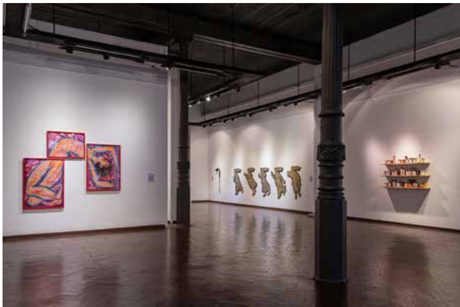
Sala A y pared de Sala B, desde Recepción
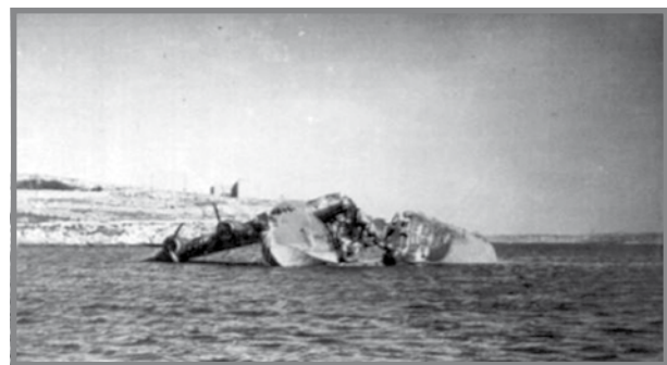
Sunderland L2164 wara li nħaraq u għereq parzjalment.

• • • • •

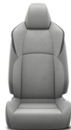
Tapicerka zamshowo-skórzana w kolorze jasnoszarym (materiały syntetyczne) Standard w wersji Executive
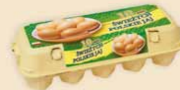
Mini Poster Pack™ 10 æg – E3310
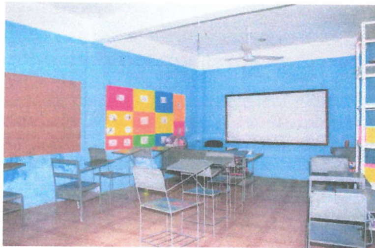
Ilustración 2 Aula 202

• • • • •

Above are records with pictures. Reproduce exactly only the lines from the line with "Mini Poster Pack™ 10 æg – E3310" through the line with "Ilustración 2 Aula 202", both ends included, and leave the pictures out.

Mini Poster Pack™ 10 æg – E3310
Ilustración 2 Aula 202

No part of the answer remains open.